DATA EXTRACT Block Start

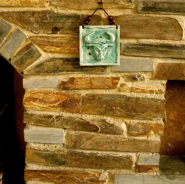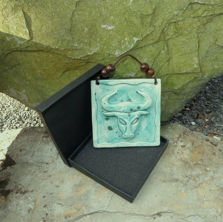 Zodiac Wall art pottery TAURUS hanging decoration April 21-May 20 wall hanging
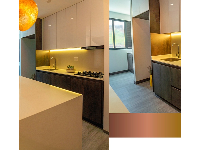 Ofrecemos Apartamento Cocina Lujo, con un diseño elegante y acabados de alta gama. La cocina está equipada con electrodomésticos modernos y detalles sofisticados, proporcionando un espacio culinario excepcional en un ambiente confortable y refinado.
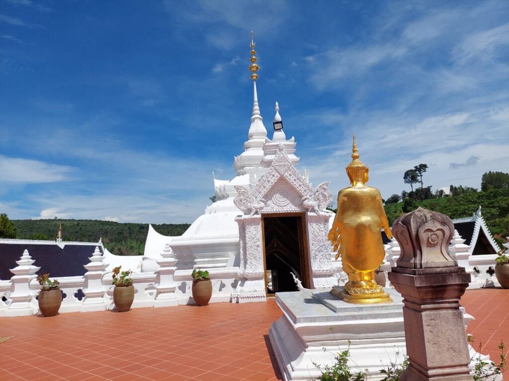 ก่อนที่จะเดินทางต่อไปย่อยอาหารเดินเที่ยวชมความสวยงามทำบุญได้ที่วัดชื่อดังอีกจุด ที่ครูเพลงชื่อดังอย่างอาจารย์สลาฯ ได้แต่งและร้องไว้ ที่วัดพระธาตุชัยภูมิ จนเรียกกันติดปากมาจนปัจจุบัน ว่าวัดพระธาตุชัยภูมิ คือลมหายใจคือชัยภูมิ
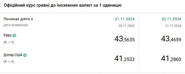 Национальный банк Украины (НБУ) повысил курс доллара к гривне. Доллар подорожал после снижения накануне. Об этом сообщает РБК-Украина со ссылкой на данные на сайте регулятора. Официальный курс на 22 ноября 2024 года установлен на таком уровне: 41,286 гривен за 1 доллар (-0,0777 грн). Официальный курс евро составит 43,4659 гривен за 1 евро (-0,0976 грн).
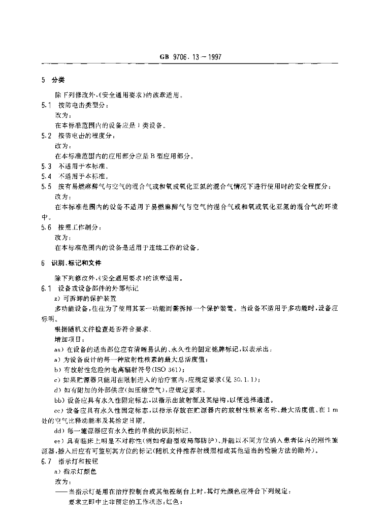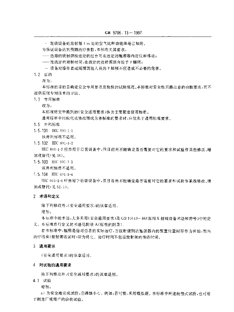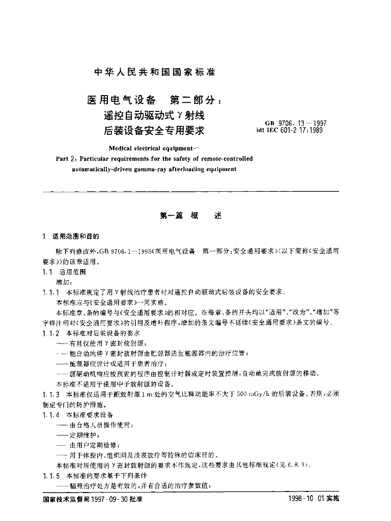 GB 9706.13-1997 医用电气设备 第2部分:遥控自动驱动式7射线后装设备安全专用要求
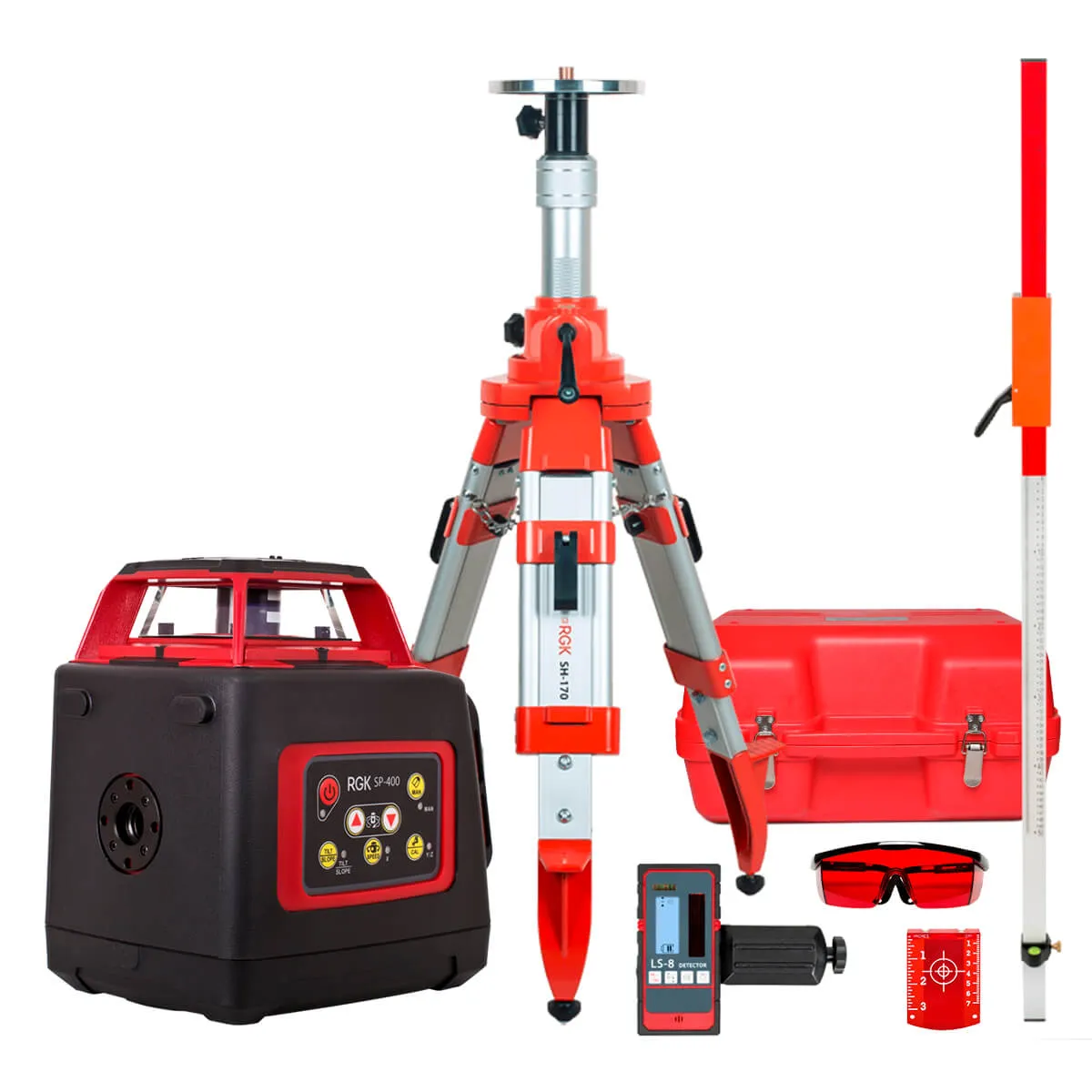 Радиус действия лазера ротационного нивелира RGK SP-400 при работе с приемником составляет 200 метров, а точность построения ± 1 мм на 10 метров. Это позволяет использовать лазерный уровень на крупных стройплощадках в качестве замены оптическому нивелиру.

DATA EXTRACT Block End

**YOUR ASSIGNMENT:** For every line above, produce an exact transcription that omits the images.

**WRITTEN RESPONSE:**
 Zodiac Wall art pottery TAURUS hanging decoration April 21-May 20 wall hanging
 Ofrecemos Apartamento Cocina Lujo, con un diseño elegante y acabados de alta gama. La cocina está equipada con electrodomésticos modernos y detalles sofisticados, proporcionando un espacio culinario excepcional en un ambiente confortable y refinado.
 ก่อนที่จะเดินทางต่อไปย่อยอาหารเดินเที่ยวชมความสวยงามทำบุญได้ที่วัดชื่อดังอีกจุด ที่ครูเพลงชื่อดังอย่างอาจารย์สลาฯ ได้แต่งและร้องไว้ ที่วัดพระธาตุชัยภูมิ จนเรียกกันติดปากมาจนปัจจุบัน ว่าวัดพระธาตุชัยภูมิ คือลมหายใจคือชัยภูมิ
 Национальный банк Украины (НБУ) повысил курс доллара к гривне. Доллар подорожал после снижения накануне. Об этом сообщает РБК-Украина со ссылкой на данные на сайте регулятора. Официальный курс на 22 ноября 2024 года установлен на таком уровне: 41,286 гривен за 1 доллар (-0,0777 грн). Официальный курс евро составит 43,4659 гривен за 1 евро (-0,0976 грн).
 GB 9706.13-1997 医用电气设备 第2部分:遥控自动驱动式7射线后装设备安全专用要求
 Радиус действия лазера ротационного нивелира RGK SP-400 при работе с приемником составляет 200 метров, а точность построения ± 1 мм на 10 метров. Это позволяет использовать лазерный уровень на крупных стройплощадках в качестве замены оптическому нивелиру.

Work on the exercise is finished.